Plusieurs associations défendant alors les droits des locataires déplorent la faiblesse, ou même l’absence, de recours lorsque des propriétaires négligent leurs devoirs ou augmentent les prix de location de manière exagérée.

Par ailleurs, plusieurs Québécois locataires de milieu modeste vivent à cette époque dans des logements aux conditions qu’ils jugent insatisfaisantes.

Vous, familles, 3 janvier 1962

L’animateur Jean Pellerin de l’émission Vous, familles nous permet de constater cet état d’insatisfaction par des entrevues qui sont diffusées le 3  janvier 1962.

Mme Ranger et M. Gadoury décrivent à Jean Pellerin leurs conditions d’habitation.

Ils vivent dans des espaces restreints. L’aération est déficiente. La lumière n’entre que difficilement dans les pièces. Les enfants n’ont pas d’endroit adéquat pour jouer.

Mme Ranger croit aussi que l’humidité qui régnait dans son logement, où elle et sa famille ont vécu trois ans et demi, leur a provoqué des problèmes de santé.

Des relations parfois difficiles entre locataires et propriétaires

En 1975, l’inflation moyenne au Canada se situe à 10,70 %.

Les augmentations du prix des loyers en  1976 devraient donc logiquement se retrouver à ce niveau.

Mais certains propriétaires abusent et demandent des hausses de loyer parfois faramineuses

D’autres négligent des logements qui nécessitent des rénovations.

C’est à la Commission du logement du Québec de gérer les différends.

Consommateurs avertis, 18 février 1976

Le journaliste Simon Durivage propose un reportage dans le cadre de l’émission Consommateurs avertis du 18 février 1976 qui décrit ce qui se passe à la Commission des logements du Québec.

Les doléances des locataires sont toujours à peu près les mêmes.

Plusieurs dénoncent leurs propriétaires pour des augmentations abusives.

D’autres réclament des rénovations qui ont été, selon eux, promises depuis des semaines, voire des mois, mais qui n'ont jamais été réalisées.

Le reportage de Simon Durivage montre que des augmentations allant jusqu’à 40 % ont été exigées par certains propriétaires pour des renouvellements de bail.

Certains témoignages et certaines images laissent voir l’état d’insalubrité dans les environnements de certains logements.

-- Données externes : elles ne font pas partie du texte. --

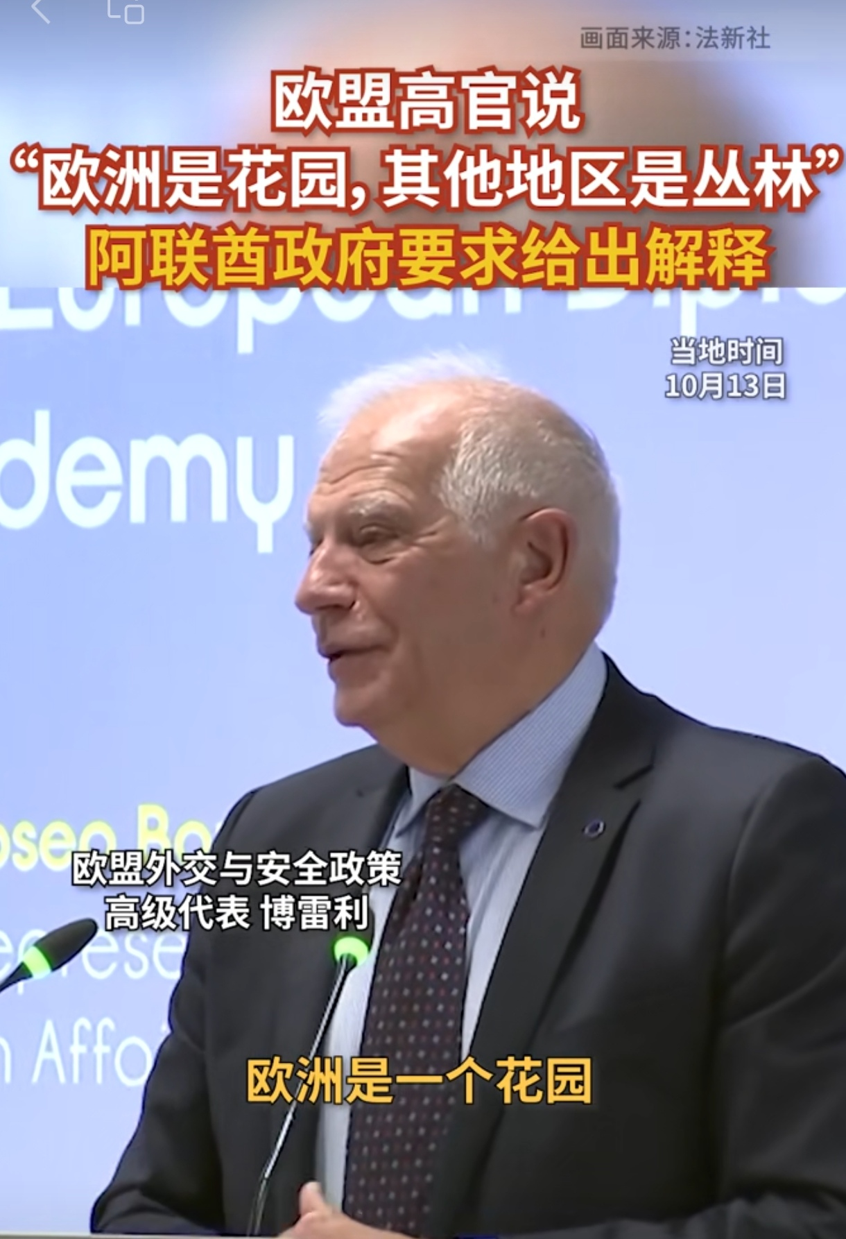 好好好,博雷利這老頭説的都對,歐洲花園的世界是“文明世界”,歐洲花園的價值是“普世價值”,彷彿歷史上的侵略者不是來自歐洲,而是來自亞非拉。

On constate par ailleurs que les fonctionnaires de la Commission du logement travaillent fort à trouver des solutions aux différends.

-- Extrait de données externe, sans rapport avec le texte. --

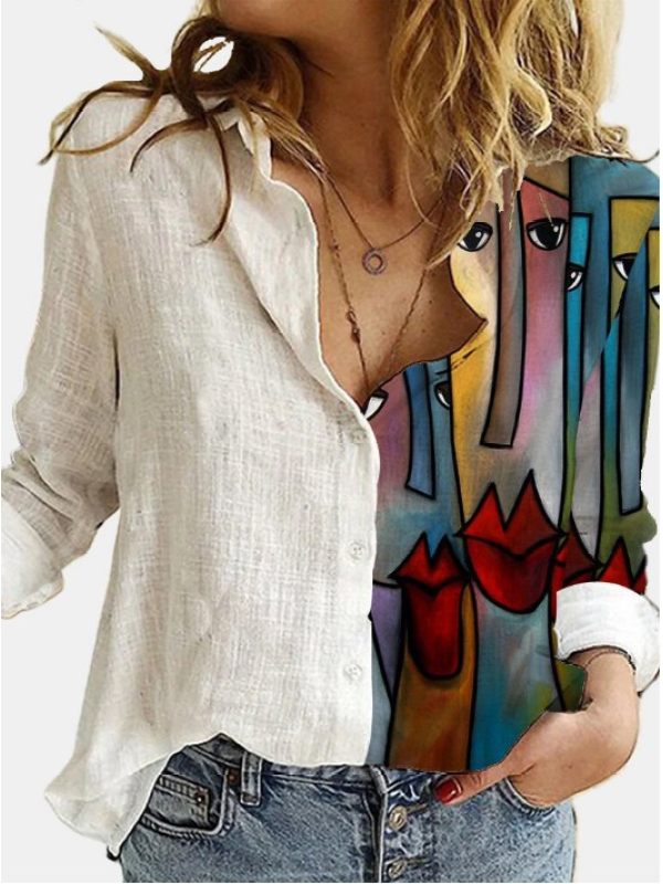 Cotton And Linen Striped Printed Long-sleeved Blouse
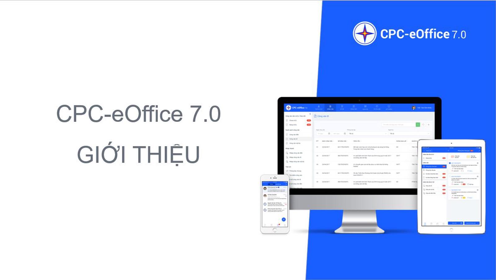Với phương châm không ngừng hoàn thiện, đổi mới để đáp ứng nhu cầu này càng cao của người dùng, đến tháng 10/2017, EVNCPC đã ra mắt phiên bản CPC-eOffice 7.0. Đây là hệ thống đầu tiên EVNCPC sử dụng kiến trúc Microservices và nhiều công nghệ hiện đại để tạo ra 01 ứng dụng được triển khai theo mô hình tập trung tại Trung tâm dữ liệu thay cho mô hình phân tán (cài đặt các hệ thống riêng lẻ tại các đơn vị thành viên), sử dụng trên nhiều loại thiết bị (máy tính, tablet, smartphone) với nhiều hệ điều hành (Windows, Mac OS, Android, iOS), nâng cao tốc độ xử lý, an toàn và tích hợp linh hoạt với các phần mềm nghiệp vụ khác.

Mais plusieurs croient qu’il faudrait que les relations entre locataires et propriétaires soient encore mieux encadrées.

Le 1er octobre 1980, le gouvernement Lévesque instaure, par le biais de la loi 107, une Régie du logement.

Cette Régie du logement amènera certaines améliorations.

Parmi celles-ci, signalons l’obligation pour le propriétaire de divulguer le prix payé par le précédent locataire.

Signalons aussi une nouvelle disposition qui permet à des locataires insatisfaits de déposer le paiement de leur loyer à la Régie du logement par avis écrit s’ils estiment que leurs propriétaires ne remplissent pas leurs obligations.

Par ailleurs, la loi 107 permet aux locataires qui vivent dans des logements jugés insalubres de quitter les lieux sans payer les propriétaires.

En janvier 2020, la Régie logement suggérait des augmentations de prix de 1,3 % à 2,1 % selon le type de logement loué.